# WORK TO COMPLETE:
Leave the pictures in the listing below aside and reproduce exactly the lines starting with the one with "Meine Ausbildungen sind" and going on through the one with "Introducing the Stepped", both ends included.

# SOURCE MATERIAL:
* * *
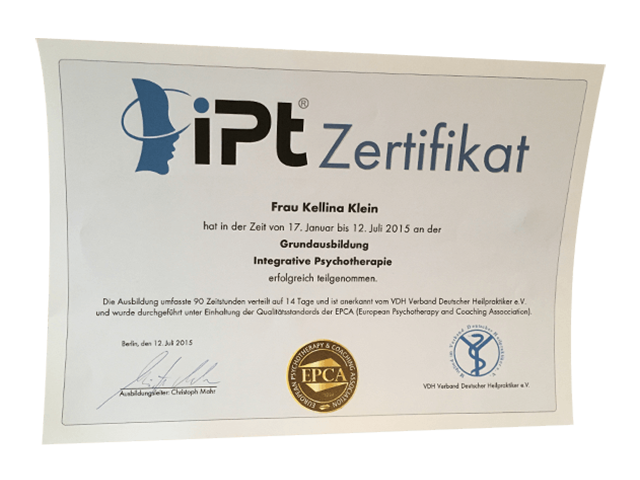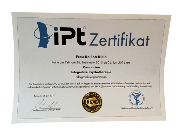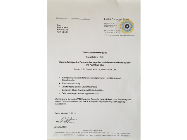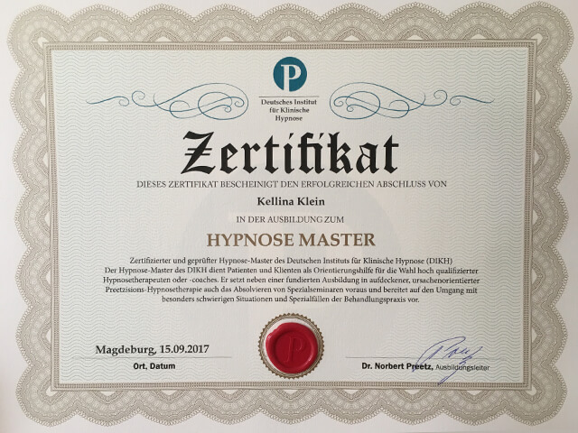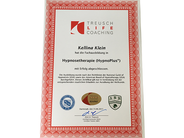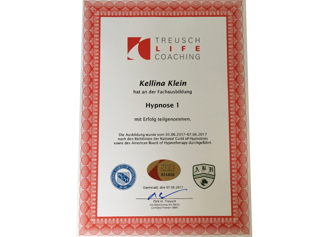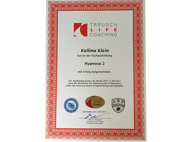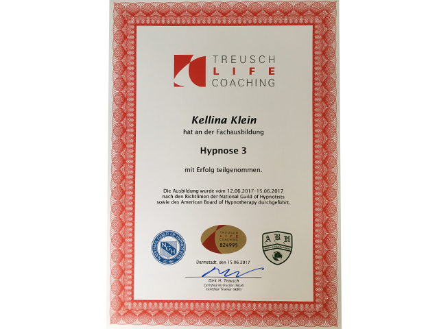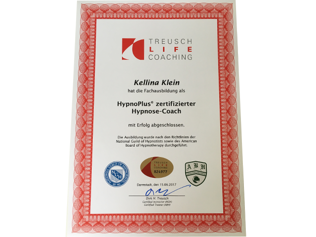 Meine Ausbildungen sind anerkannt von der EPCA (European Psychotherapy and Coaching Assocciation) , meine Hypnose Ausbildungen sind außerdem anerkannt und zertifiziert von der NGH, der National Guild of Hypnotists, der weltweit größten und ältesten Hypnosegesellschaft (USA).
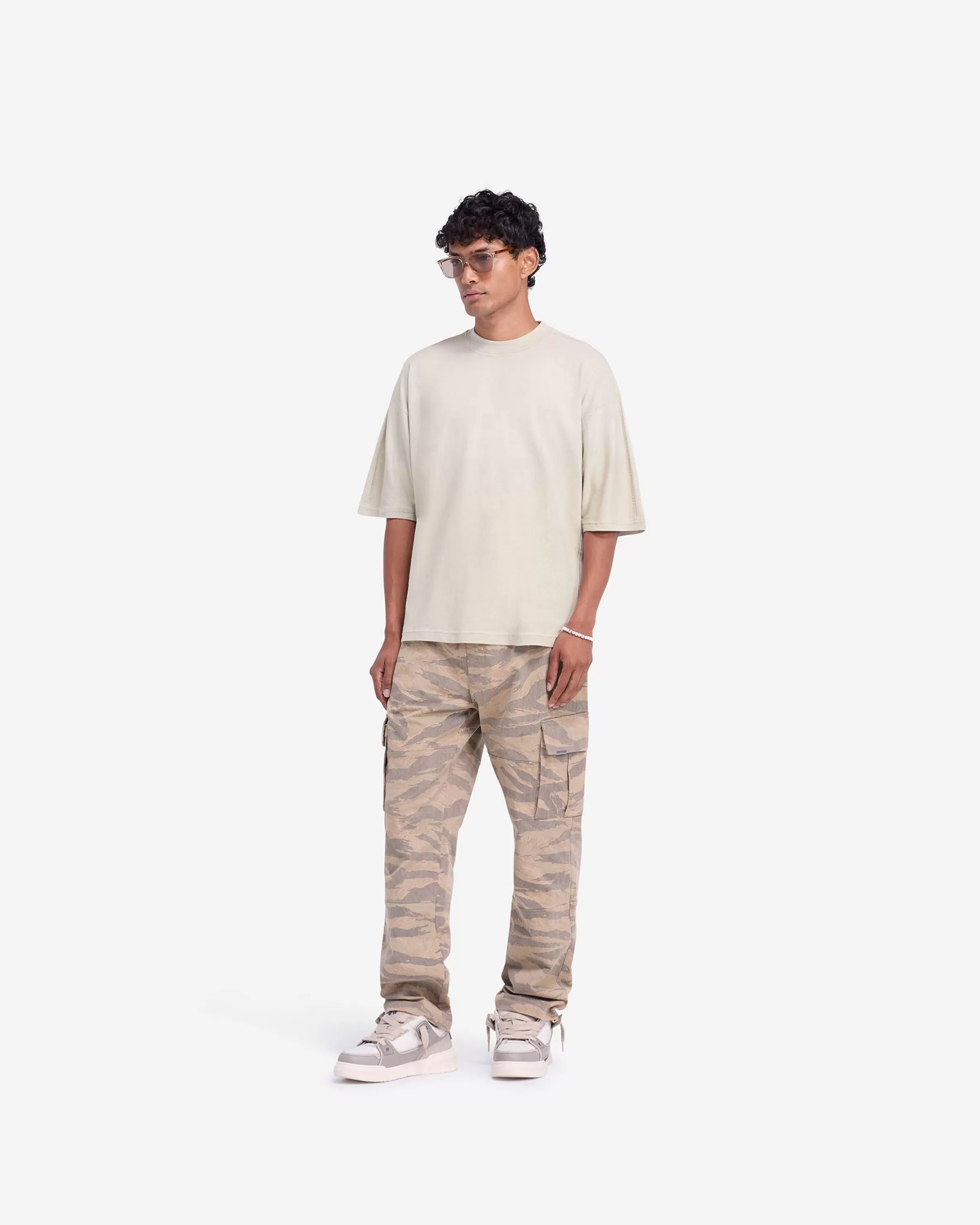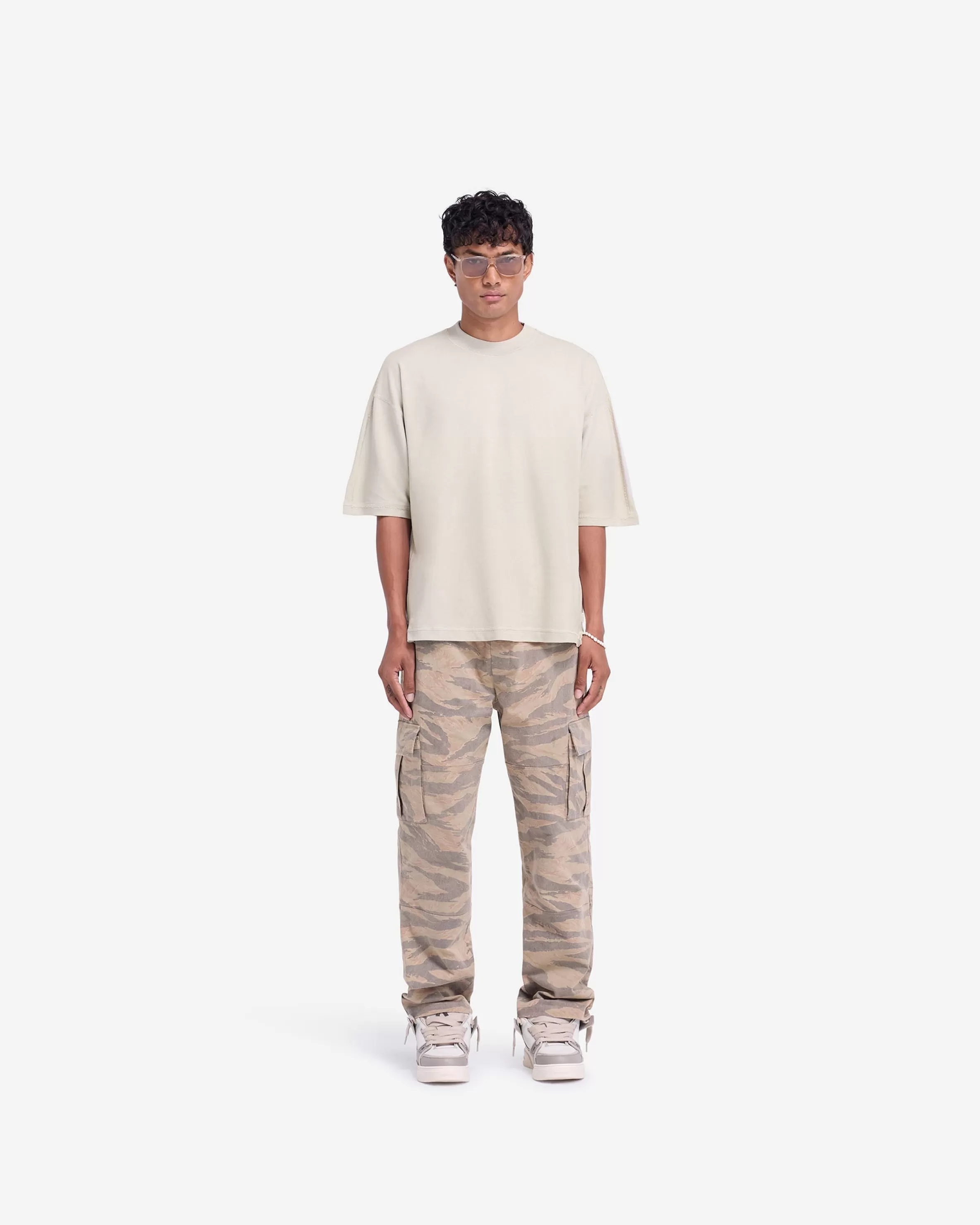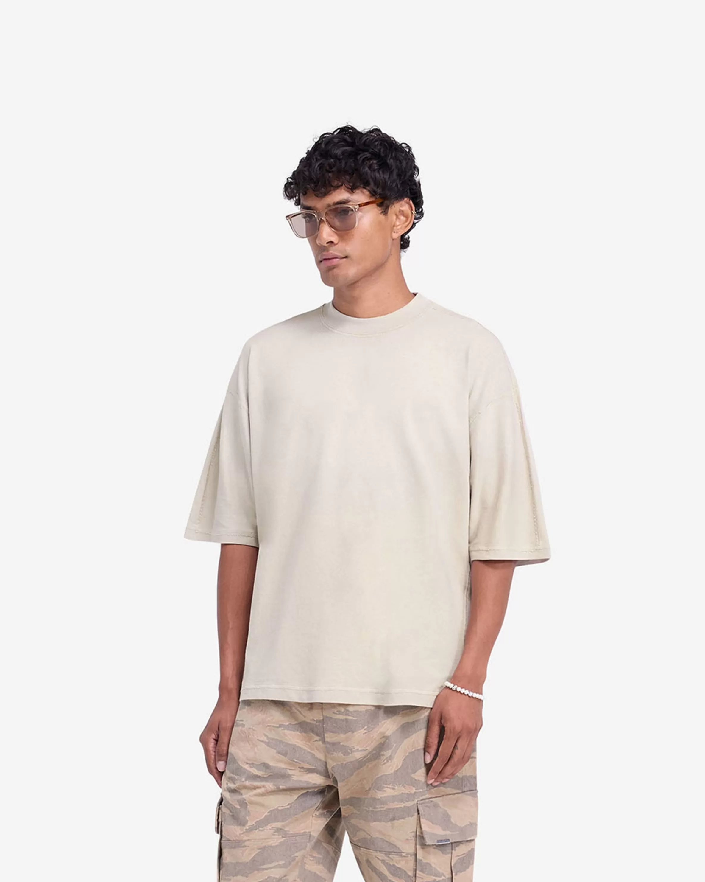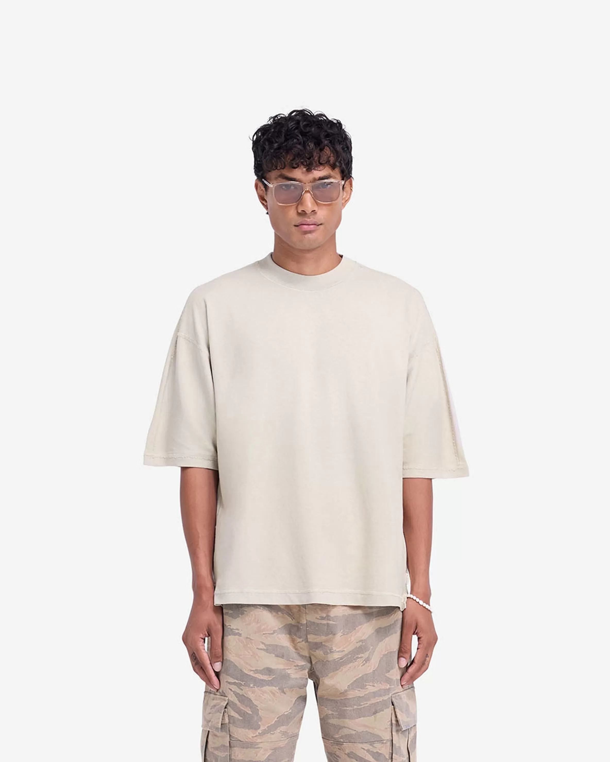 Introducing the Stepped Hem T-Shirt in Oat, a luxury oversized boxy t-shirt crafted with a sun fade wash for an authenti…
* * *
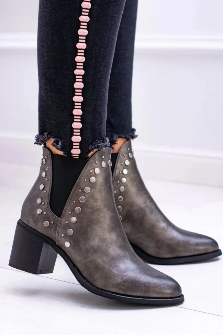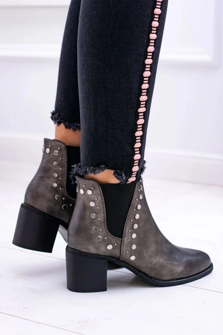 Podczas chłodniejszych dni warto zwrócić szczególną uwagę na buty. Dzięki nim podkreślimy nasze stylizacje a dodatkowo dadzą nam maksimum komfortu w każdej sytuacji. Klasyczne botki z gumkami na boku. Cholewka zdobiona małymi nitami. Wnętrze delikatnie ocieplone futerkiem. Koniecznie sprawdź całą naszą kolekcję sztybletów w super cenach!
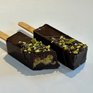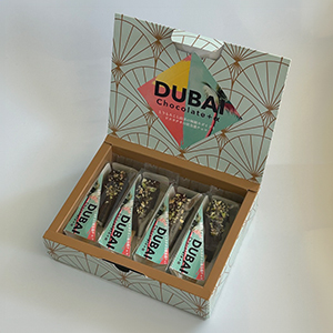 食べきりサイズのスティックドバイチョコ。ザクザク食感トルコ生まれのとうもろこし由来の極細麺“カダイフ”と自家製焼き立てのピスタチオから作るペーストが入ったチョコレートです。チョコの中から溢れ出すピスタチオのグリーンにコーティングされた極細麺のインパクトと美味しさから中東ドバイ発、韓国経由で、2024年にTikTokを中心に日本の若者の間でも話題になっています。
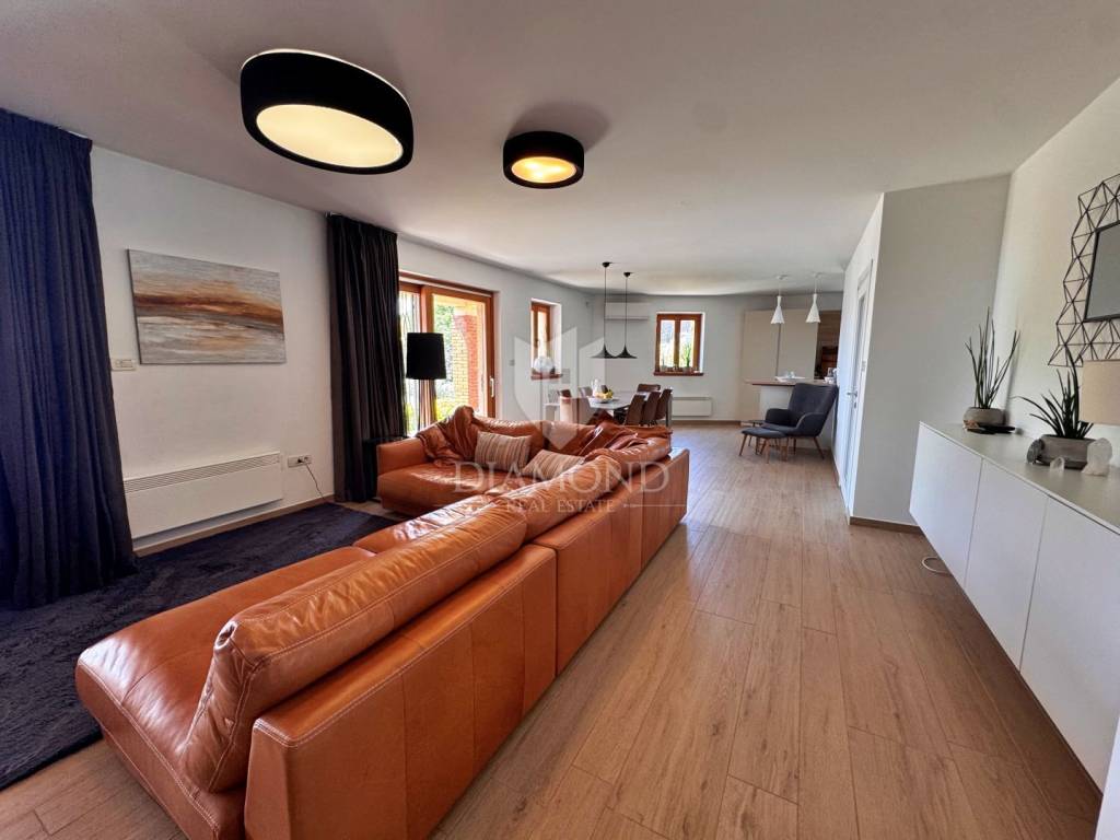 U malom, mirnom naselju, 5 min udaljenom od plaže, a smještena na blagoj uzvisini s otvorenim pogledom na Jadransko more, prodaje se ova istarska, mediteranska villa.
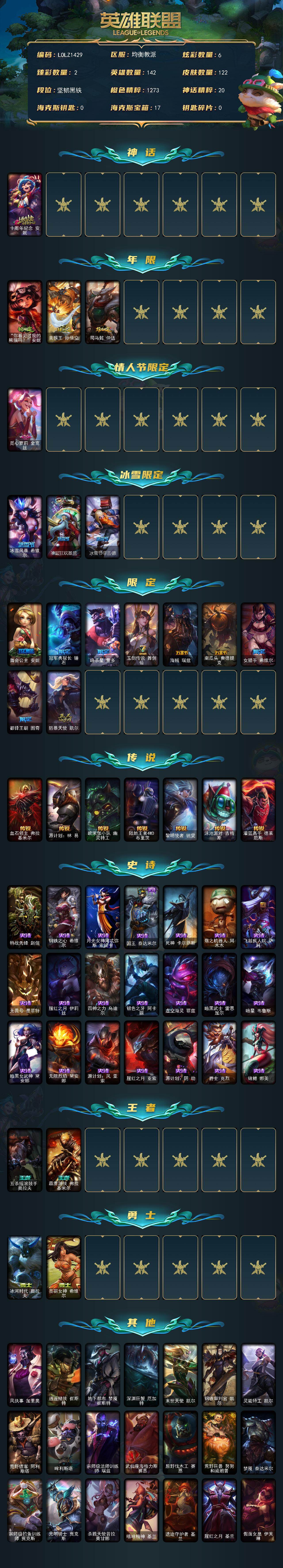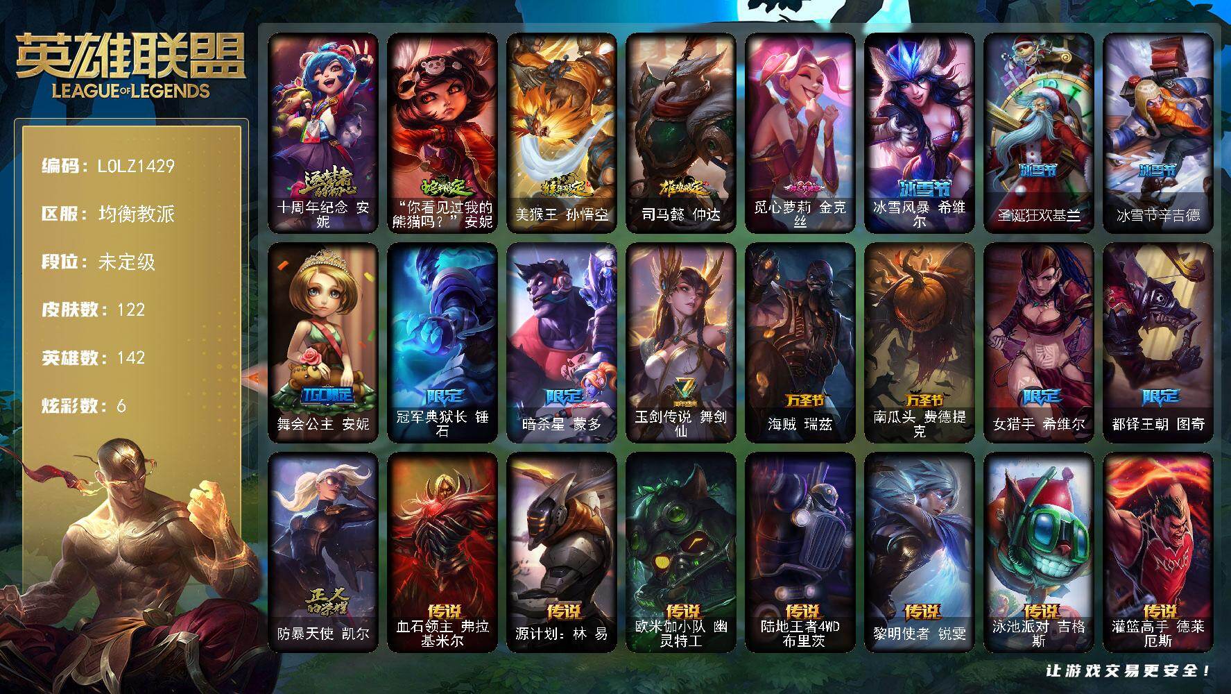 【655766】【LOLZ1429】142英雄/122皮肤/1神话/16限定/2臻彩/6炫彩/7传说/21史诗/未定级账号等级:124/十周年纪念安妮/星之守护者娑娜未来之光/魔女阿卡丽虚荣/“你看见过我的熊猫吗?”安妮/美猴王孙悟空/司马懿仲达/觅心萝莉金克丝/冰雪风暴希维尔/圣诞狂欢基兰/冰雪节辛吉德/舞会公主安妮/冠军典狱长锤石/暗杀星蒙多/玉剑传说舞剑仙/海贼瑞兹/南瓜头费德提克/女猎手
* * *
# EXPECTED ANSWER:
 Meine Ausbildungen sind anerkannt von der EPCA (European Psychotherapy and Coaching Assocciation) , meine Hypnose Ausbildungen sind außerdem anerkannt und zertifiziert von der NGH, der National Guild of Hypnotists, der weltweit größten und ältesten Hypnosegesellschaft (USA).
 Introducing the Stepped Hem T-Shirt in Oat, a luxury oversized boxy t-shirt crafted with a sun fade wash for an authenti…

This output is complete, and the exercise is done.